Pessoas gritam e exibem bandeiras do Brasil das janelas de um ônibus; uma pessoa mostra um pedaço de papel em que está escrito "SOS Forças Armadas"
Bolsonaristas detidos no acampamento golpista em frente ao QG do Exército em Brasília na manhã seguinte aos ataques às sedes dos Três Poderes gritam, pedem socorro às Forças Armadas e mostram bandeiras na chegada à superintendência da Polícia Federal - Pedro Ladeira - 9.jan.23/Folhapress

Foi George Orwell quem primeiro enxergou na linguagem política a secreta destinação de fazer com que "o crime se torne respeitável". Como a delituosa escamoteação da verdade sempre foi intrínseca à luta pelo controle do Estado, a afirmação visa prioritariamente efeitos colaterais do exercício do poder. A atualidade do escritor comprova-se na vida brasileira, onde se faz politicamente pertinente a sua tese de que "numa época de mentiras universais, dizer a verdade é revolucionário".

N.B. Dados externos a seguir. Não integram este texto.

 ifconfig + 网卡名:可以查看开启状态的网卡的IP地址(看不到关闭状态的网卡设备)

Na linha de Orwell, a lógica do crime é maior que a da lei. De fato, na vida prática, mais importa a conduta, que pode ser existencialmente lesiva em aspectos não legalmente codificados. A lei, por sua vez, visa geralmente a garantir elites contra as classes desfavorecidas. Mas não pertence à pobreza a raiz do fenômeno criminoso (aliás, os pobres salvaram eleitoralmente o país), e sim à miséria humana, à aliança interna com a escuridão. Em sua amplitude, o crime configura todo dano ético à sociedade. Por exemplo, a tortura, assim como sua apologia pública.

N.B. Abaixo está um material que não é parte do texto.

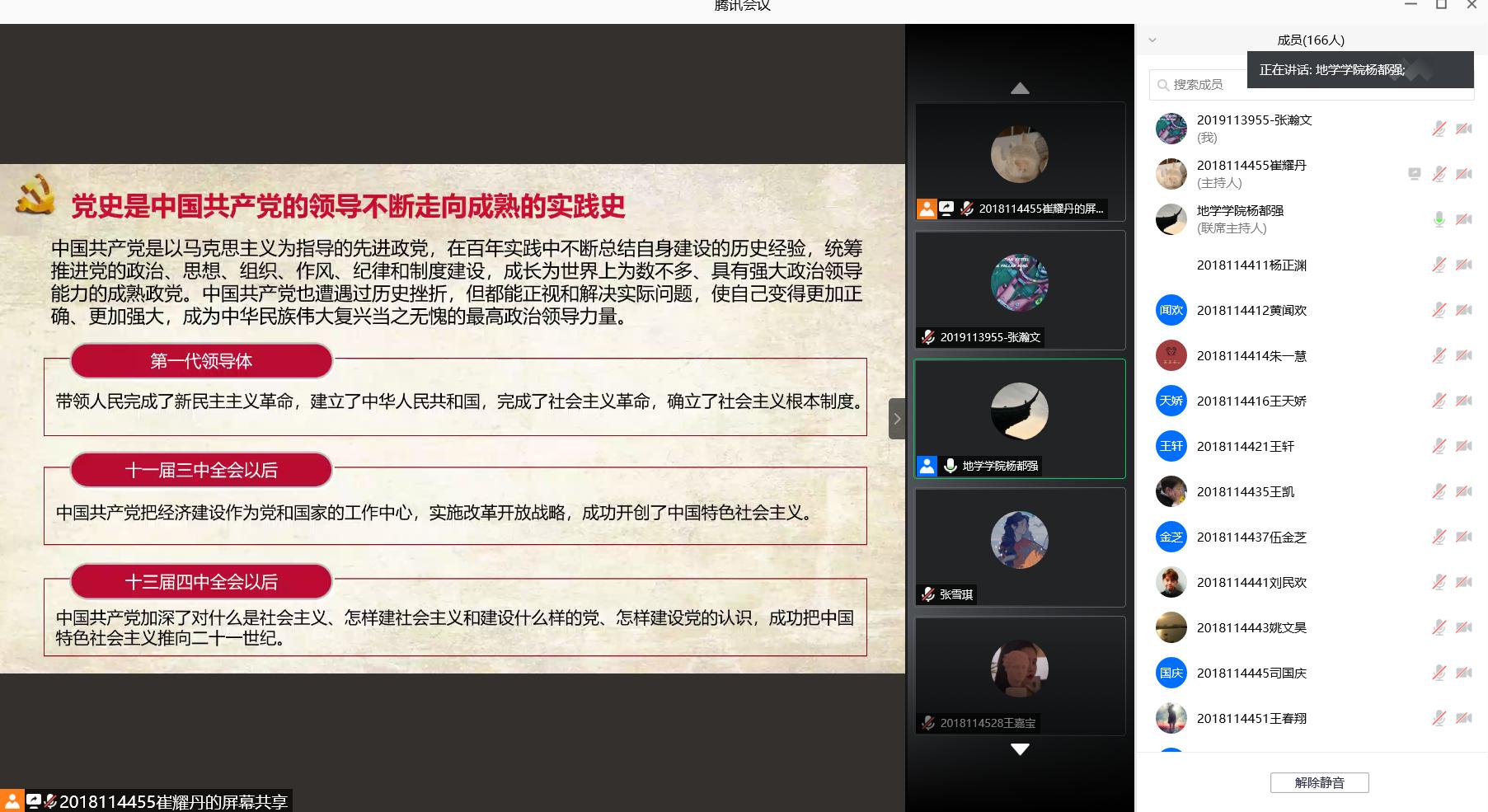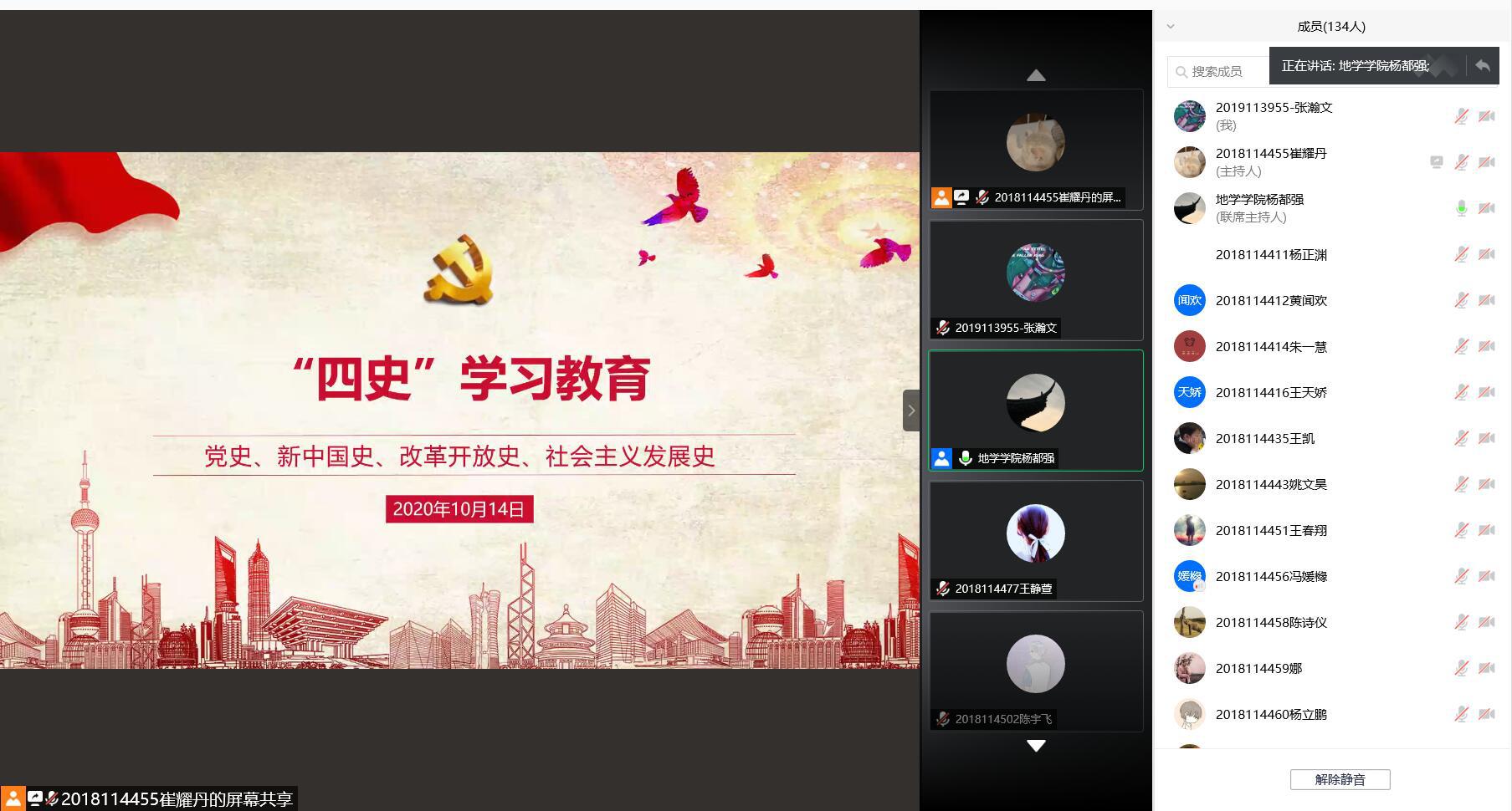为深入学习并贯彻落实习近平总书记关于党史、新中国史、改革开放史、社会主义发展史(以下简称“四史”)的重要讲话和指示精神,持续深化新时代爱国主义教育。18级环境工程、消防工程、安全工程学生于10月14日参加了“四史”学习,本次学习由18级辅导员杨都强老师以腾讯会议为平台开展并主讲。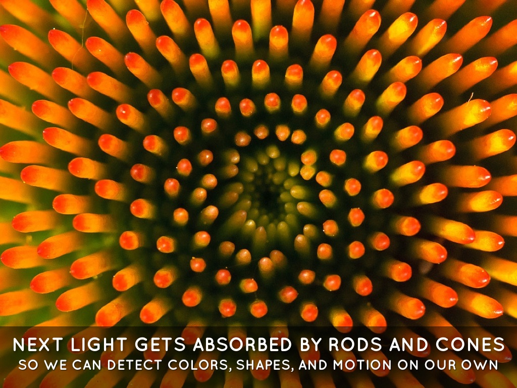 RODS AND CONES ABSORB LIGHT IN THE BACK OF OUR OUR EYES

É clara, assim, a natureza terrorista do vandalismo, da sabotagem elétrica e do caminhão-bomba, apesar da duvidosa tipificação legal. Inconteste é o crime tramado de lesa-instituição de paisanos e fardados: as falanges do Inominável e seus generais. Toda ideologia aspira à publicidade, mas é como se o crime fosse uma ideologia das sombras. E, na falta de bingos ou outros fetiches, a mancomunação delituosa pode confortar idosos, carentes de objetivos vitais e instrumentalizados pela perversão do gozo.

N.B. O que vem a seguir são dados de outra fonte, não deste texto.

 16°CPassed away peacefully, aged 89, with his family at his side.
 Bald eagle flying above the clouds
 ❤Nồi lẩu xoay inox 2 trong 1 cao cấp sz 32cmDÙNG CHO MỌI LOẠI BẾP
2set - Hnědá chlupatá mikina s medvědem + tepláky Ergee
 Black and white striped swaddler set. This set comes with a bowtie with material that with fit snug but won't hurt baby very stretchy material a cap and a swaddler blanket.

Talvez demore para se aquilatar toda a gravidade da delinquência antidemocrática, à qual não escapam autoridades, religiosos, médicos e o próprio Legislativo. Por enquanto, para um reequilíbrio realista, vale ponderar sobre miúdos episódios sintomáticos. Num deles, uma invasora detida em Brasília queixava-se: "Estão nos tratando como presos". Ou seja, a coautora de um dos atentados mais infames contra a República brasileira ignorava a sua condição criminosa. Por alienação de classe ou por negação digital da realidade, o delírio privilegiado obscurecia a enormidade da violência. É que "cidadãos de bens" (e não "do bem") são embalados pela cantilena fascista do crime respeitável.